We will propose a vision language retrieval system to implement bidirectional search between images and natural language. With CLIP, we will map both modalities into a share embedding space, a image could be retrieved with FAISS indexing. Perhaps the accurary should be improved, further approach is using a SAM3 for text guided semantic segmentation and enable patch level matching.

Structure from Motion, 3D reconstruction, mobile robots

One video, a 3D reconstruction of civil infrastructure

Structure from Motion (SfM) is one of the most widely used techniques for reconstructing objects and scenes from images or video. This project aims to test hand-crafted Structure-from-Motion algorithms available in Colmap for reconstructing 3D environments characterized by poor illumination, using frames captured from a limited linear camera movements. The objective is to evaluate the limitations and accuracy of state-of-the-art methods in challenging, hard-to-reconstruct environments.

Gesture detection, tracking

Real time hand gesture detection: from rock paper scissors to sign interpretation

This project focuses on building a computer vision system capable of recognizing a variety of hand signs and gestures captured by a static camera. The core goal is to develop a robust gesture recognition pipeline that can distinguish between different hand configurations in real time. As a proof-of-concept, the system will be integrated into the game of rock-paper-scissors, where it detects each player's gesture and determines the outcome of each round. The final result will be an interactive demo showcasing accurate and responsive hand gesture recognition in a playful, real-world scenario.

Action recognition, video understanding, self-supervised embeddings

From Raw Footage to Recipe: Extracting Cooking Steps from Egocentric Video

This project builds a system that watches egocentric cooking videos and automatically extracts the sequence of cooking actions performed, with the goal of reconstructing a recipe from raw footage alone. Because most frames in a cooking video are irrelevant, the pipeline first applies a relevance classifier to filter out background activity, then routes the remaining clips through an RNN-based action classifier that identifies steps such as cutting, peeling, and boiling. Video representations are produced by V-JEPA 2, which encodes each video as a sequence of 64-frame block embeddings without requiring labeled pretraining data. The result is an end-to-end pipeline that turns an unstructured kitchen video into a structured, step-by-step recipe.

GitHub / Code

Computer vision, OCR, segmentation, vision-language models, object tracking

Real-Time Whiteboard Transcription with Temporal Ledger

When a professor is at the board, you have two choices, pay attention, or copy. You can't really do both at the same time.

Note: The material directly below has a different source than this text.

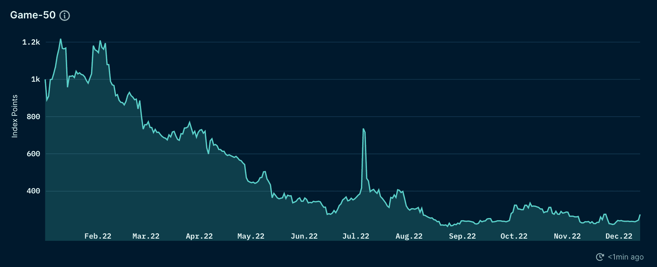 - Our Nansen Gaming-50 Index has fallen by 73% (ETH) YTD and 90% (USD). Despite the collapse of the gaming industry as seen in the gaming index, blockchain gaming is still dominating VC funding deals.
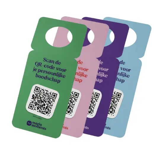 Je kunt als bedrijf kiezen voor een kaartje met 1 boodschap (dan hebben alle kaartjes dezelfde QR code) of je kunt de kaartjes krijgen met allemaal unieke QR codes. Zo kun je op elk kaartje een individuele boodschap zetten.

We wanted to eliminate that trade-off. Our system transcribes in real time what the professor writes, so the student is free to just listen and understand.

The pipeline captures the full evolution of whiteboard content across a lecture, every correction and erasure included, and synthesises it into structured Markdown output.

Video understanding, vision-language models, action captioning

Action/Event-Focused Captioning: A Three-Model Comparison

This project explores how pretrained image-captioning models can be adapted to produce short action-focused captions for video activity timelines. Instead of generating long descriptive captions, we fine-tune BLIP, ViT-GPT2, and Microsoft GIT on COCO action captions so that the models output compact labels such as “person walking” or “coffee being poured.”

For video inference, frames are sampled over time, captioned by the fine-tuned models, and de-duplicated into a simple activity timeline. The project compares original and fine-tuned models using BLEU-1, BLEU-2, METEOR, and ROUGE-L, and analyzes whether architecture choice still matters after all models are adapted to the same action-caption task.